Prof. Husnan Bey, yang menjabat sebagai Pelaksana Tugas (Plt) Ketua Umum Persaudaraan Muslimin Indonesia (Parmusi), datang bersama rombongan untuk bersilaturahmi sekaligus menelusuri jejak dakwah kakeknya, Raden Zainudin Fananie (1908–1967).
RZ Fananie merupakan tokoh besar pendiri Pesantren Modern Darussalam Gontor, Jawa Timur, yang dikenal aktif menyebarkan dakwah Islam hingga ke pelosok Nusantara, termasuk wilayah Sumatera bagian Selatan.

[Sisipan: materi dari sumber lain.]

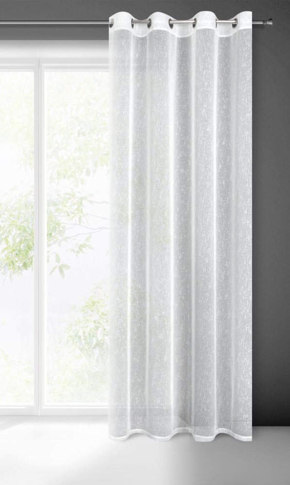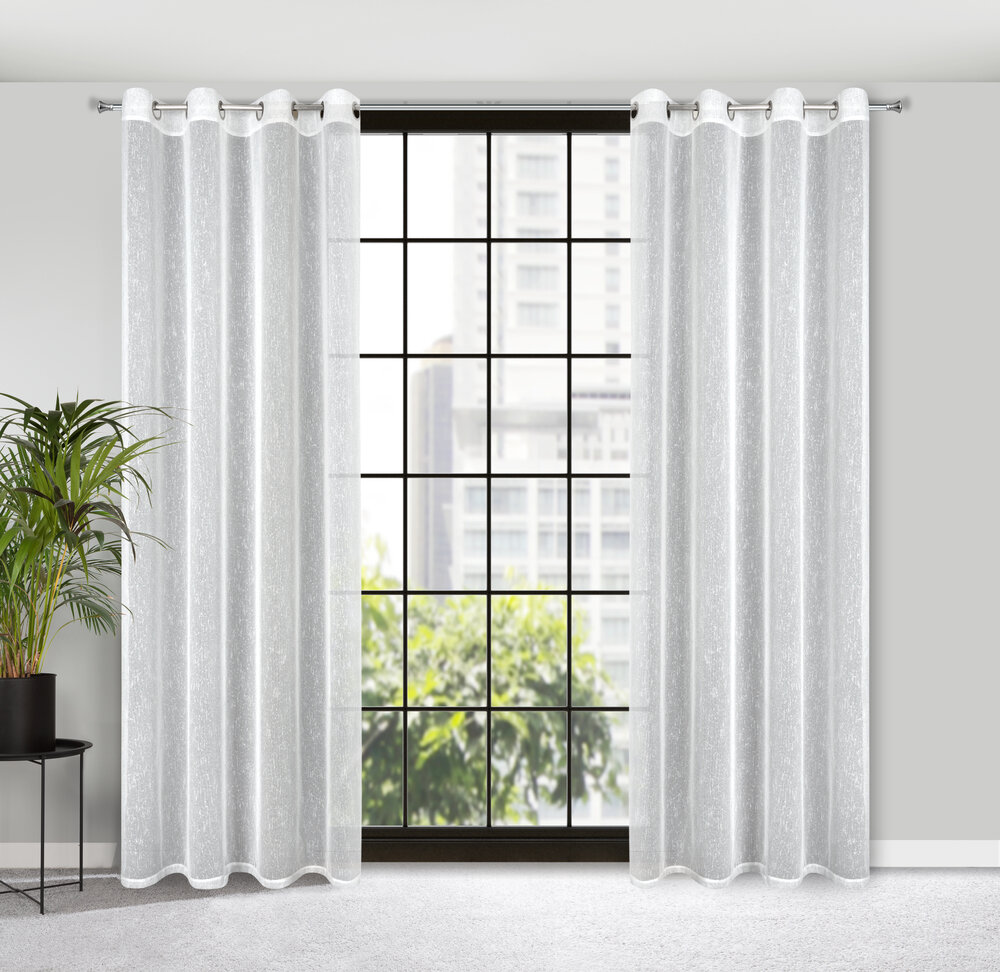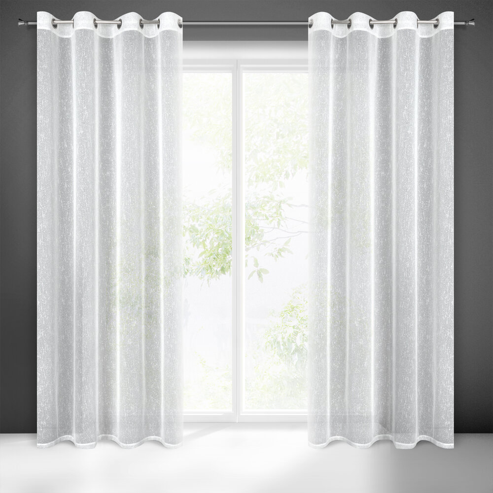Firana gotowa o strukturze deszczyku zdobiona srebrną nicią szerokość: 140 cm, długość: 250 cm, kolor: biały, Gramatura: 80 GSM, Skład: 100% poliester

“Saya datang untuk mencari jejak langkah kakek saya Raden Zainudin Fananie, karena beliau telah melakukan perjalanan panjang hingga ke Sumatera bagian Selatan. Saya hadir untuk berkoordinasi dengan Pak Rektor dan teman-teman di Muhammadiyah,” kata Prof. Husnan yang pernah menyatakan dirinya berniat maju dalam pencalonan Ketua Umum partai berlambang Kabah, Partai Persatuan Pembangunan (PPP).
Mantan Duta Besar Indonesia untuk Azerbaijan periode 2016–2020 itu menegaskan pentingnya memperkuat jaringan pemikiran Islam dan kontribusi Muhammadiyah bagi bangsa. Ia juga mendorong generasi intelektual Muslim untuk terus berkiprah dengan integritas di berbagai bidang.
Rektor UMBB menyambut baik kunjungan tersebut. Pertemuan berlangsung lebih dari satu jam dalam suasana hangat, ditemani kopi dan penganan khas Bangka Belitung, otak-otak.
“Terima kasih atas kunjungannya. Kita seharusnya bisa membuka forum khusus untuk membahas sejarah berdirinya Muhammadiyah yang terkait jejak RZ Fananie. Di Belitung Timur, terutama di Gantung, sejarah Muhammadiyah sangat kental. Pertemuan semacam ini tentu baik untuk mengulik kembali sejarah dan bahkan mendorong penyusunan buku sejarah Muhammadiyah yang lebih mutakhir,” ujar Fadillah.
Mengenal Husnan Bey Fananie
Prof. Dr. K.H. Husnan Bey Fananie, M.A. (lahir 13 November 1967 di Jakarta) adalah seorang akademisi, penulis, dan diplomat Indonesia. Ia pernah menjabat sebagai Duta Besar Republik Indonesia untuk Azerbaijan sejak 13 Januari 2016 hingga Juli 2020.
Pendidikan
Husnan Bey Fananie menempuh pendidikan dasar keagamaannya di Pondok Modern Darussalam Gontor, Ponorogo. Setelah itu ia melanjutkan studi ke luar negeri dan menyelesaikan:
* Sarjana (S1) di Universitas Punjab, Lahore, Pakistan
* Magister (S2) di Universitas Rijks Leiden, Belanda
* Doktor (S3) di Universitas Islam Negeri (UIN) Sunan Kalijaga Yogyakarta
Karier
Selain aktif di dunia akademik dan kepenulisan, Husnan Bey Fananie dipercaya menjadi Duta Besar Indonesia untuk Azerbaijan periode 2016–2020. Setelah masa jabatannya berakhir, ia aktif di berbagai organisasi, dan kini menjabat sebagai Pelaksana Tugas Ketua Umum Persaudaraan Muslimin Indonesia (Parmusi).
Karya
Pada tahun 2016, Husnan Bey Fananie menerbitkan sebuah antologi puisi berjudul Ranahku Kasihku, yang mencerminkan pandangan hidup dan pengalaman diplomatiknya.
Kehidupan pribadi
Husnan menikah dengan Dian Sarastien Indah. Dari pernikahan ini, mereka dikaruniai dua anak: Kifah Gibraltar Bey Fananie dan Rumi Cahaya Nurani Bey Fananie.